== Exercise requirements ==
Give the data below again exactly as it stands. Omit the pictures.

== Records ==
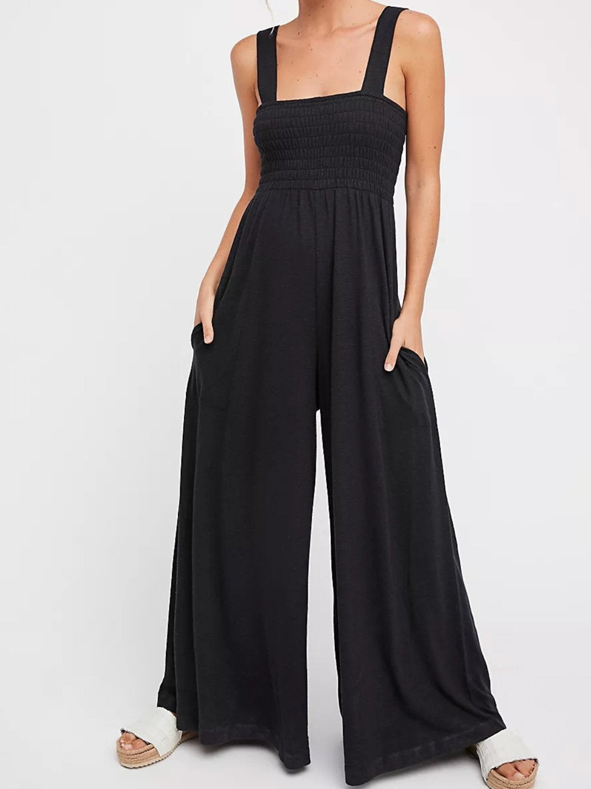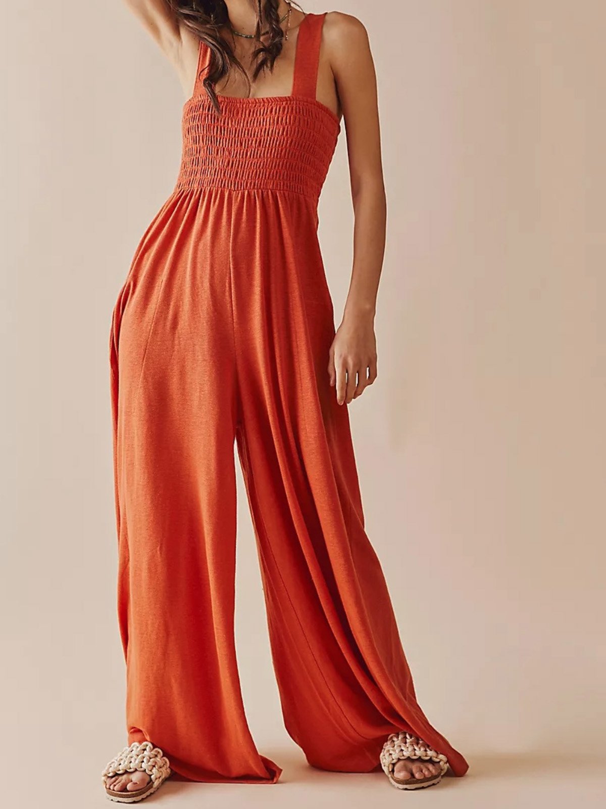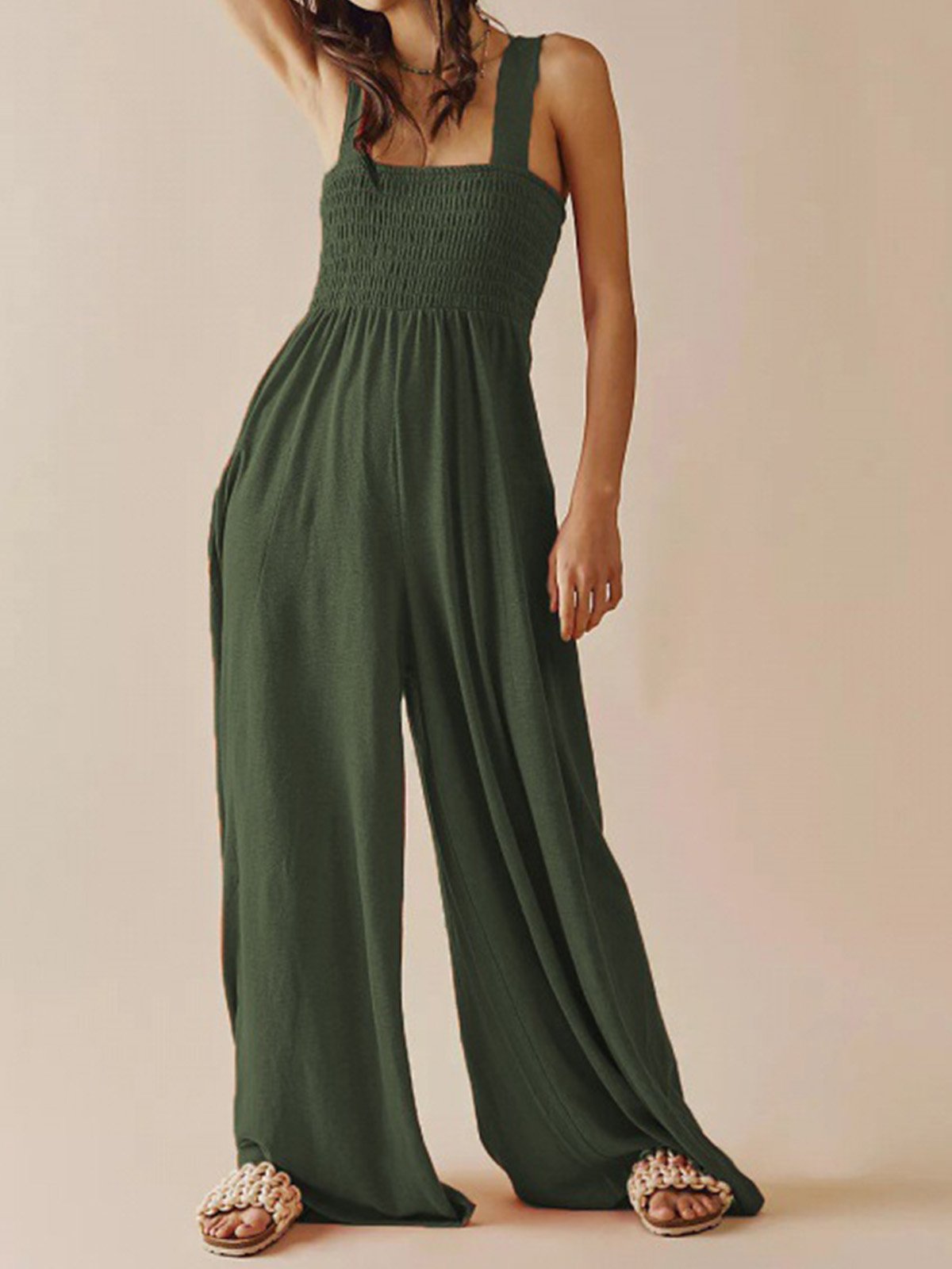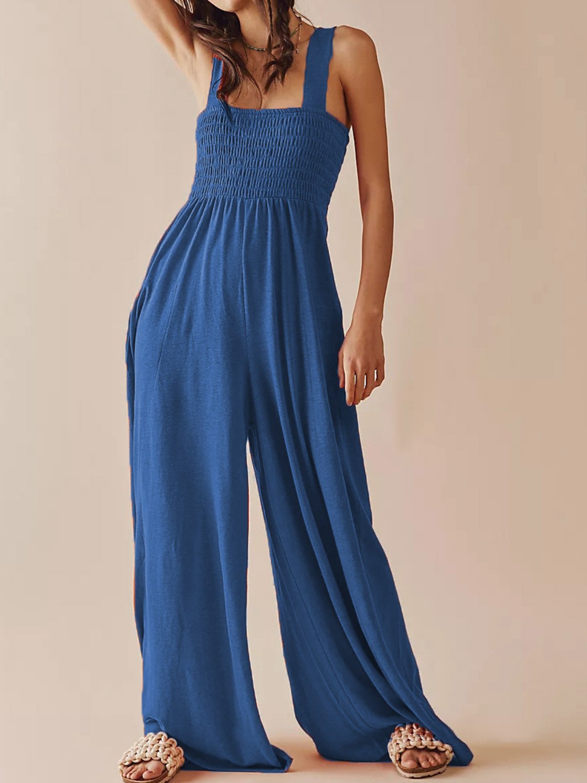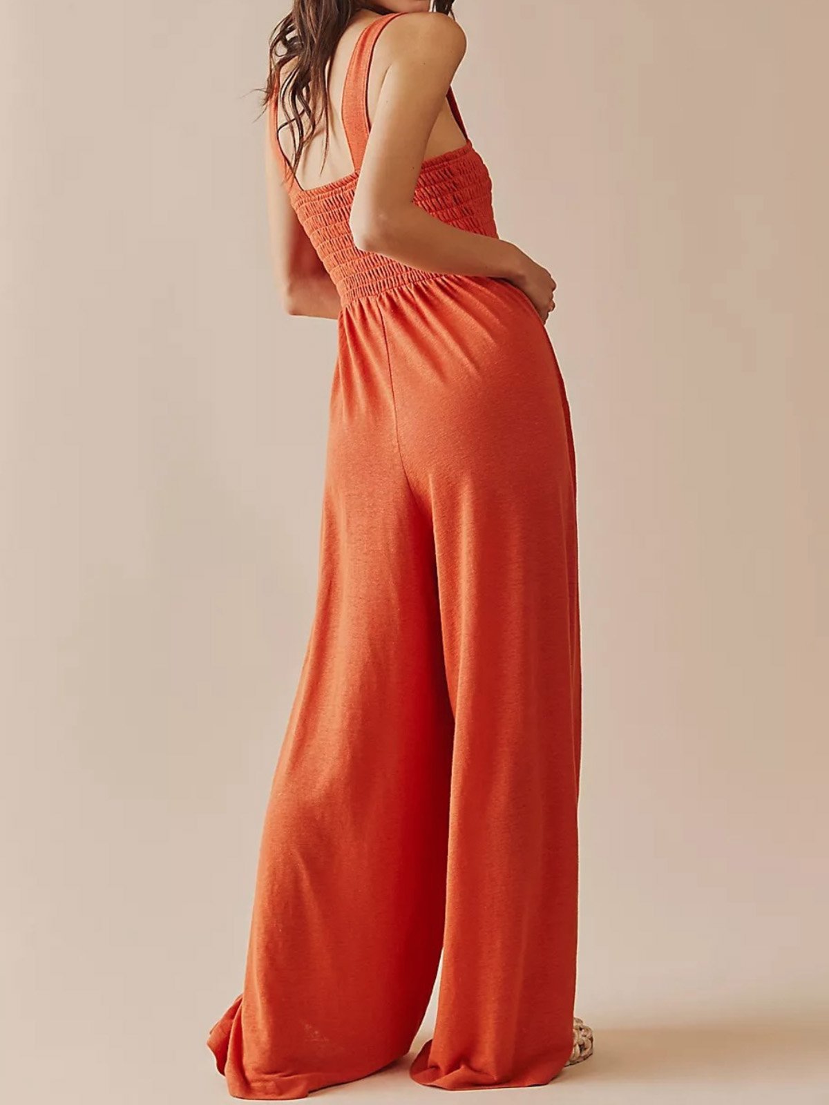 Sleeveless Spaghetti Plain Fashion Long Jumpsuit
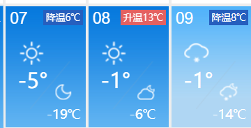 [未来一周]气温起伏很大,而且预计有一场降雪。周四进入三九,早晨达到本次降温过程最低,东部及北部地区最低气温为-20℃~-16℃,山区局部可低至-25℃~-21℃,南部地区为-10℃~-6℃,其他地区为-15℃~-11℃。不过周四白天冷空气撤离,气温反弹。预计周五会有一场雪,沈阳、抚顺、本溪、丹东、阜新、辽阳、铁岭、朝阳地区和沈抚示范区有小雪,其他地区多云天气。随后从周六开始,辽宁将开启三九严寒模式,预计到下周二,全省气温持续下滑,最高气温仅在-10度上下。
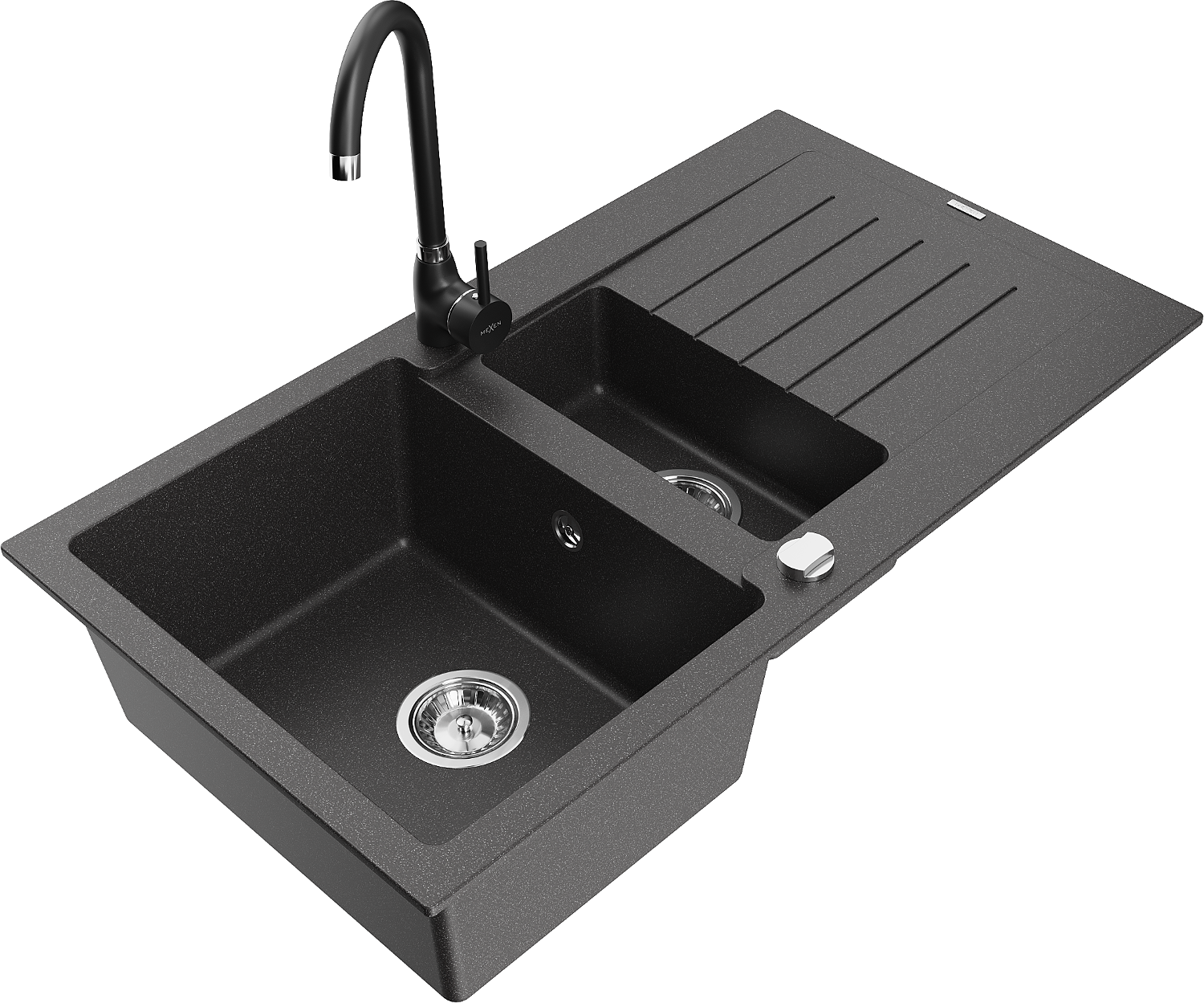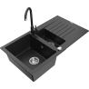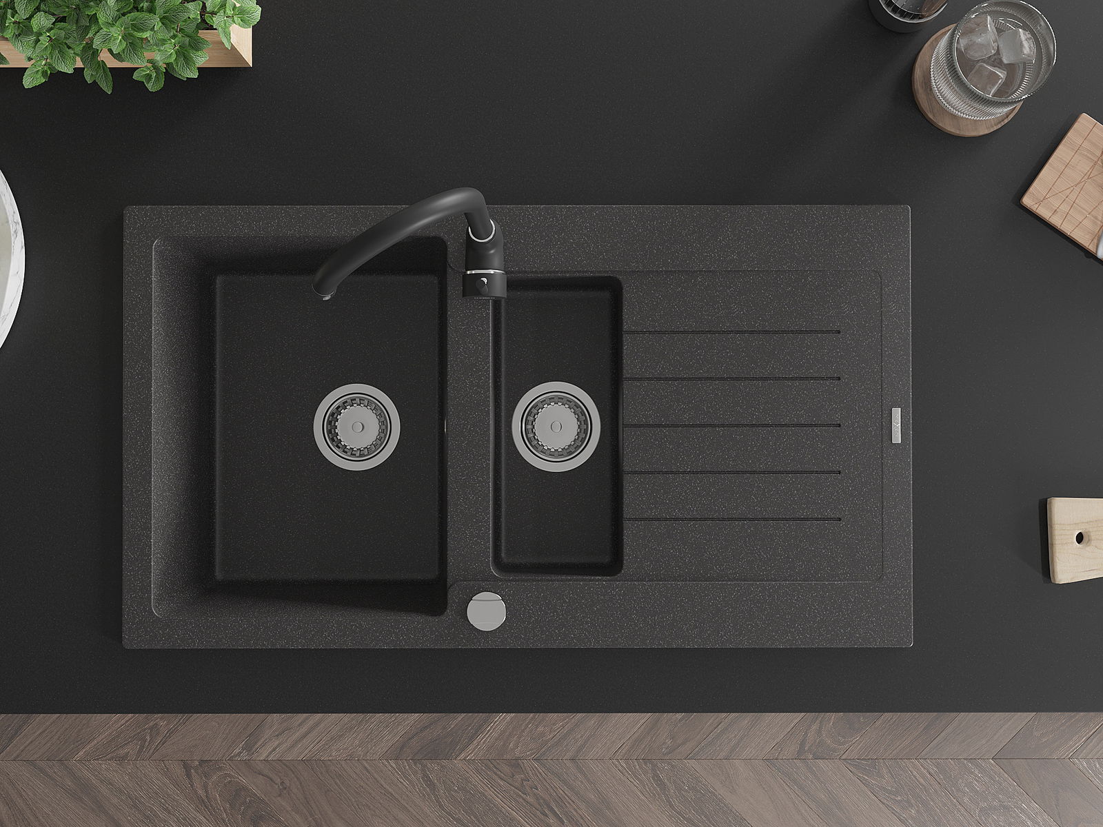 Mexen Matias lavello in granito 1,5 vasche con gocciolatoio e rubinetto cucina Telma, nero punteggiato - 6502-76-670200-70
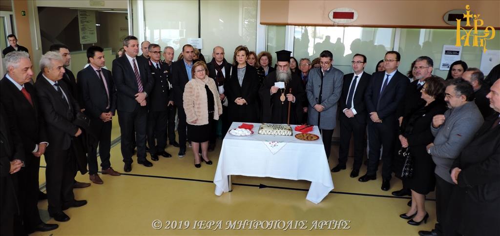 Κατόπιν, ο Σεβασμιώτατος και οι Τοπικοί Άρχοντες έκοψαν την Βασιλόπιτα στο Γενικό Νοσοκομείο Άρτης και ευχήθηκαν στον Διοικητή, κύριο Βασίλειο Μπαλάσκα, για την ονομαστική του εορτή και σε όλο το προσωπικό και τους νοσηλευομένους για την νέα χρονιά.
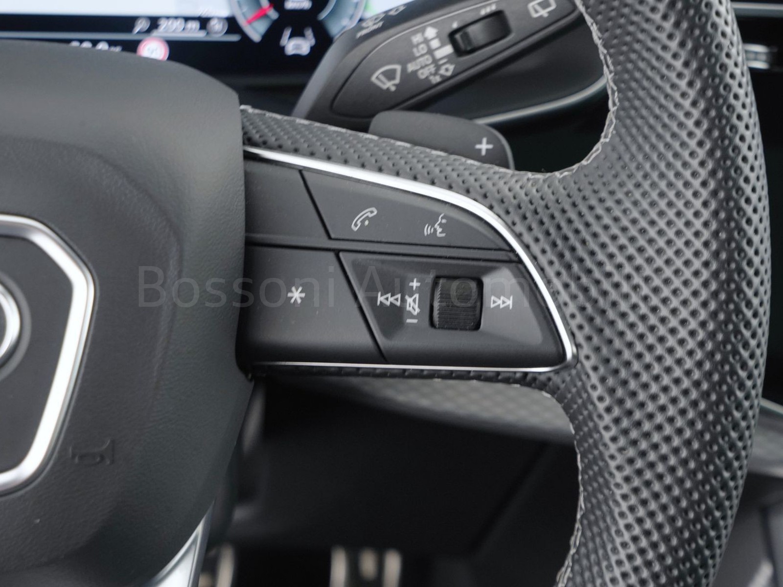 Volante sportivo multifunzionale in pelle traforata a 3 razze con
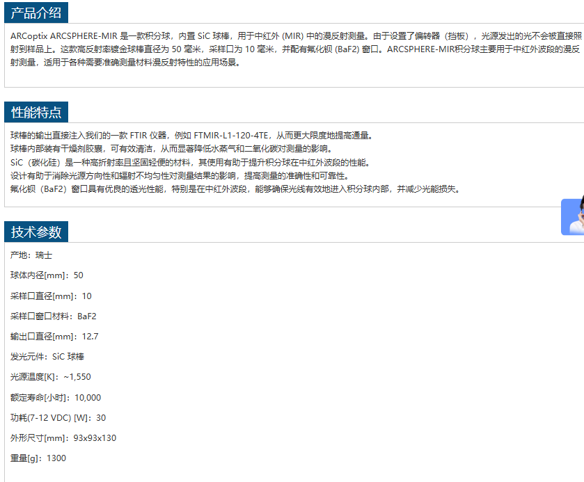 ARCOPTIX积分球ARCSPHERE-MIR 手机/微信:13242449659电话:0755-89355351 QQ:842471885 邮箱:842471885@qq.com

== Reply ==
 Sleeveless Spaghetti Plain Fashion Long Jumpsuit
 [未来一周]气温起伏很大,而且预计有一场降雪。周四进入三九,早晨达到本次降温过程最低,东部及北部地区最低气温为-20℃~-16℃,山区局部可低至-25℃~-21℃,南部地区为-10℃~-6℃,其他地区为-15℃~-11℃。不过周四白天冷空气撤离,气温反弹。预计周五会有一场雪,沈阳、抚顺、本溪、丹东、阜新、辽阳、铁岭、朝阳地区和沈抚示范区有小雪,其他地区多云天气。随后从周六开始,辽宁将开启三九严寒模式,预计到下周二,全省气温持续下滑,最高气温仅在-10度上下。
 Mexen Matias lavello in granito 1,5 vasche con gocciolatoio e rubinetto cucina Telma, nero punteggiato - 6502-76-670200-70
 Κατόπιν, ο Σεβασμιώτατος και οι Τοπικοί Άρχοντες έκοψαν την Βασιλόπιτα στο Γενικό Νοσοκομείο Άρτης και ευχήθηκαν στον Διοικητή, κύριο Βασίλειο Μπαλάσκα, για την ονομαστική του εορτή και σε όλο το προσωπικό και τους νοσηλευομένους για την νέα χρονιά.
 Volante sportivo multifunzionale in pelle traforata a 3 razze con
 ARCOPTIX积分球ARCSPHERE-MIR 手机/微信:13242449659电话:0755-89355351 QQ:842471885 邮箱:842471885@qq.com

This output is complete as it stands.